General Motors is hoping the "all-electric" Chevy Volt delivers a big charge to its domestic sales but critics are making the shocking charge that the car is really a hybrid, more along the lines of the Toyota Prius, which uses both gas and electric engines in combination.
Is this politics spilling into real life? It almost sounds like Sarah Palin talking about "real Americans" as opposed to elitist urbanites.
The current controversy began with Edmunds.com, Motor Trend, Popular Mechanics and other auto-focused scribes but it has now spread to the august New York Times, which harrumphed the other day that GM's insistence that the car is fully electric is "hard to understand."
What's the fuss all about? It has to do with the small gasoline engine that supposedly exists mostly to extend the Volt's range, so that motorists are not left stranded in the center lane when the battery runs out of juice.

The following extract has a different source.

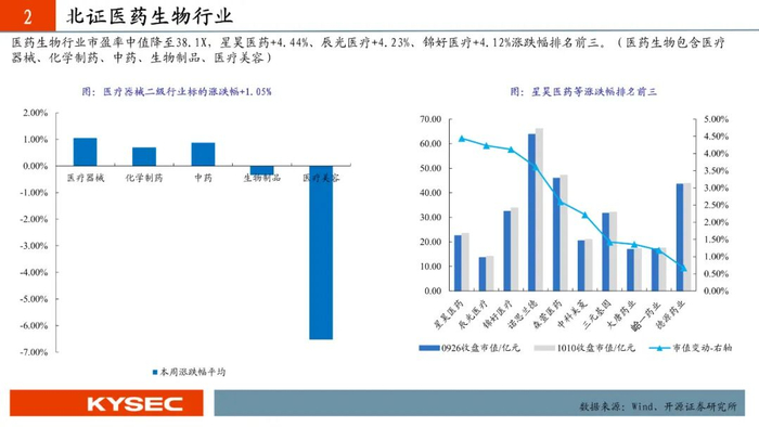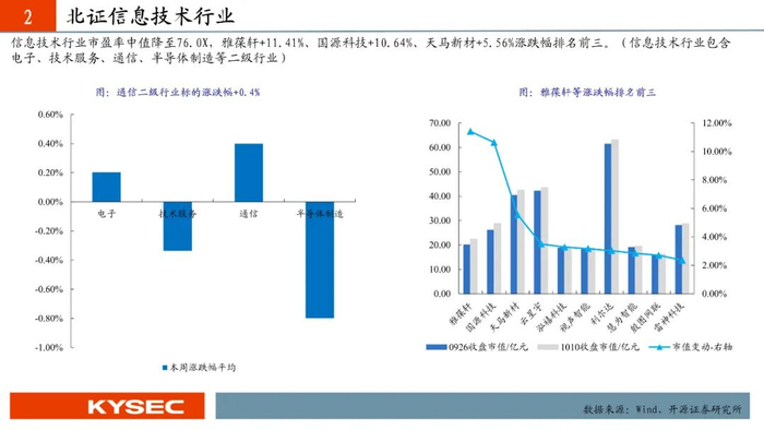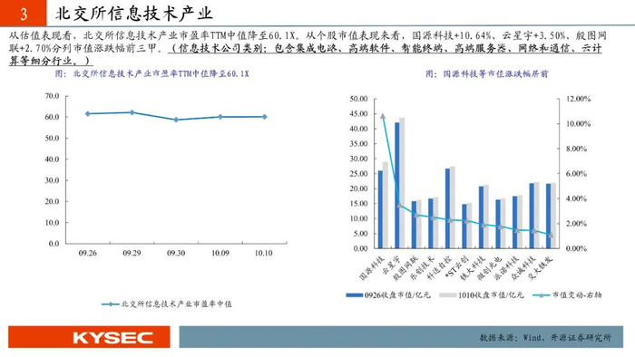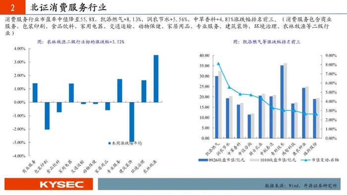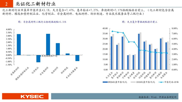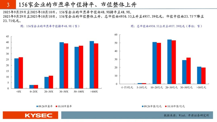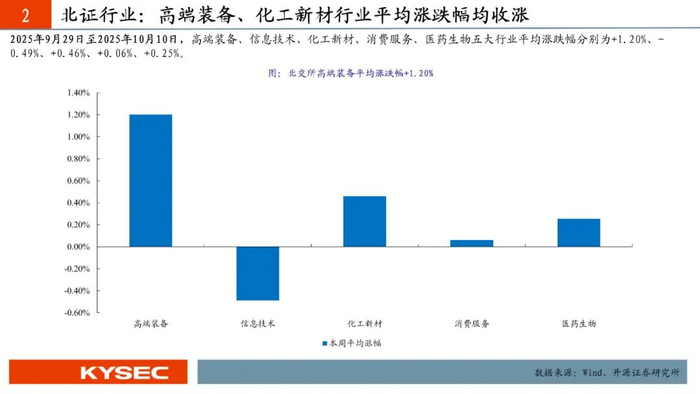 2025年9月29日至2025年10月10日,高端装备、信息技术、化工新材、消费服务、医药生物五大行业平均涨跌幅分别为+1.20%、-0.49%、+0.46%、+0.06%、+0.25%。高端装备行业市盈率中值升至41.4X,信息技术行业市盈率中值降至76.0X,化工新材行业市盈率中值升至43.1X,消费服务行业市盈率中值降至55.8X,医药生物行业市盈率中值降至38.1X。

But auto critics who've test-driven the car say that during heavy acceleration, the Volt's gasoline engine kicks in to provide an additional power boost.
GM doesn't deny that but, oddly, insists that it doesn't make any difference, sounding a bit like Bill Clinton insisting he didn't have you-know-what with you-know-who.
"The Chevrolet Volt is not a hybrid," GM said in press materials this week. "It is a one-of-a-kind, all-electrically driven vehicle designed and engineered to operate in all climates."
The company says it simply chose to keep quiet about the gas-boost feature because it is still in the process of applying for a patent on the process.
GM has been saying for the three years that it has been hyping the Volt that it would "always" run on electric power and would average 230 miles per gallon.
Is this just the usual Detroit dust-up that accompanies many new model introductions? Maybe, but some of the critics are being unusually harsh.
Edmunds.com's review of the car carried a headline that said flatly: "GM Lied: Chevy Volt is not a true EV."
In a classic bit of corporatespeak, GM spokesman Nick Richards insists that the Volt "always runs on electricity" and has no mechanical link from the gasoline engine to the wheels. That's true as far as it goes, except that the 1.4 liter gas engine starts up under certain conditions and helps to mechanically turn one of the two electric motors.
Automotive engineering types say that makes it a "parallel hybrid" - since it uses two power sources to keep the wheels turning.
The Prius uses a similar system. It has no direct mechanical linkage between the gas engine and the wheels. The gas engine drives a generator which in turn drives the electric motor.
Do consumers care about any of this? We'll find out in a few weeks when the first Volts hit the showrooms.